$include_dir="/home/hyper-archives/boost/include"; include("$include_dir/msg-header.inc") ?>
Subject: Re: [boost] [strings][unicode] Proposals for Improved String Interoperability in a Unicode World
From: Mathias Gaunard (mathias.gaunard_at_[hidden])
Date: 2012-01-29 09:28:57
On 01/29/2012 02:53 PM, Artyom Beilis wrote:
> Not, MSVC does not allow to create both "ש×××" and L"ש×××" literal
> as Unicode (utf-8, UTF-16) for all other compilers it is default
> behavior.
And it shouldn't.
String literals are in the execution character set. On Windows the 
execution character set is what it calls ANSI. That much is not going to 
change.
>>>   1. BOM should not be used in source code, no compiler except MSVC uses it
>> and most
>>>       do not support it.
>>
>> According to Yakov, GCC supports it now.

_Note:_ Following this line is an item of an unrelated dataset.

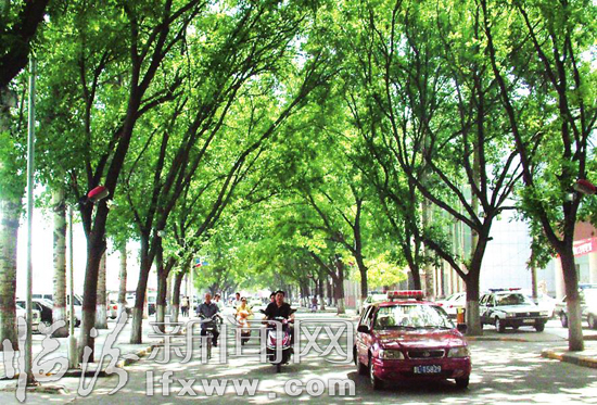 近年来,侯马市投资15亿元,实施紫金山浍河大桥、路西旧城改造等一批基础设施建设工程,新增市区绿化面积92.5万平方米,城市绿化覆盖率从38.5%提高到40%。图为市区“林荫大道”——市府路。 秦明忠 摄

>> It would be nice if it could work without any BOM though.
>>
>
> GCC's default input and literal encoding is UTF-8. BOM is not needed.

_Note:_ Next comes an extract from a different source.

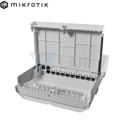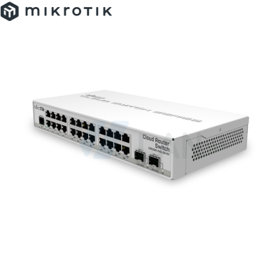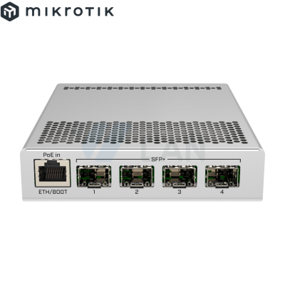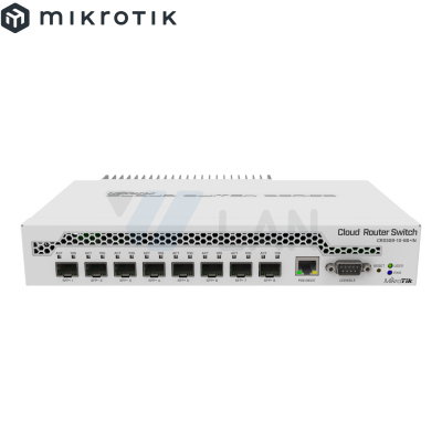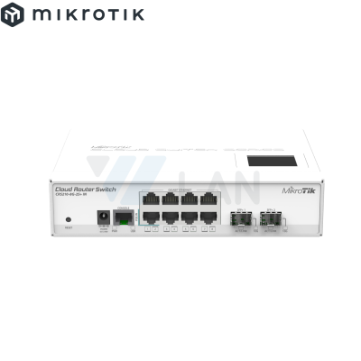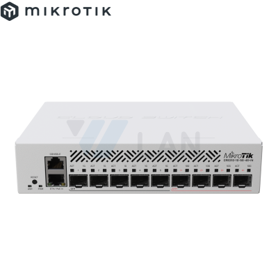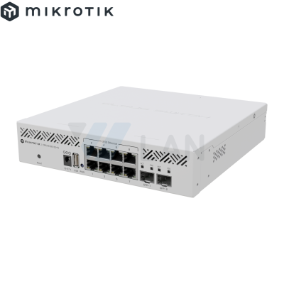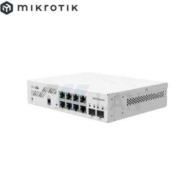 RouterBORD 5009UPr+S+ with Marvell Armada ARMv8 CPU (4-cores, 1.4GHz per core), 1GB of DDR4 RAM, 1GB NAND storage, 1x 2.5Gbit LAN (802.3af/at PoE-out and POE-in), 7x 1Gbit LAN (802.3af/at PoE-out and POE-in), 1x SFP+ port, RouterOS L5, metal desktop case, PSU

That's not what I'm saying. What we want is a unified way to set UTF-8 
as the source character set.
The problem is that MSVC requires BOM, but GCC used to not allow it.
>>>   2. Setting UTF-8 BOM makes narrow literals to be encoded in ANSI encoding
>> which
>>>       makes BOM useless (crap... sory) with MSVC even more.
>>
>> That's the correct behaviour.
>
> No, it is unspecified behavior according to the standard.
It isn't.
> Standard does not specify what narrow encoding should be used, that
> is why u8"" was created.
The standard specifies that it is the execution character set. MSVC 
specifies that for its implementation, the execution character set is ANSI.
> All (but MSVC) compilers create UTF-8 literals and use UTF-8 input
> and this is the default.
That's because for those other compilers, you are in a case where the 
source character set is the same as the execution character set.
With MSVC, if you don't do anything, both your source and execution 
character sets are ANSI. If you set your source character set to UTF-8, 
your execution character set remains ANSI still.
On non-Windows platforms, UTF-8 is the most common execution character 
set, so you can have a setup where source = execution = UTF-8, but you 
can't do that on Windows.
But that is irrelevant to the standard.
>> Use u8 string literals if you want UTF-8.
>
> Why on earth should I do this?
Because it makes perfect sense and it's the way it's supposed to work.
> All the world around uses UTF-8. Why should I specifiy u8"" if it is
> something that can be easily defined at compiler level?
Because otherwise you're not independent from the execution character set.
Writing you program with Unicode allows you to not depend on 
platform-specific encodings, that doesn't mean it makes them go away.
I repeat, narrow string literals are and will remain in the execution 
character set. Expecting those to end up as UTF-8 data is wrong and not 
portable.
> All we need is some flag for MSVC that tells that string
> literals encoding is UTF-8.
That "flag" is using the u8 prefix on those string literals.
Remember: the encoding used for the data in a string literal is 
independent from the encoding used to write the source.
> AFAIR, neither gcc4.6 nor msvc10 supports u8"".
Unicode string literals have been in GCC since 4.5.
However there are indeed practical problems with using the standard 
mechanisms because they're not always implemented.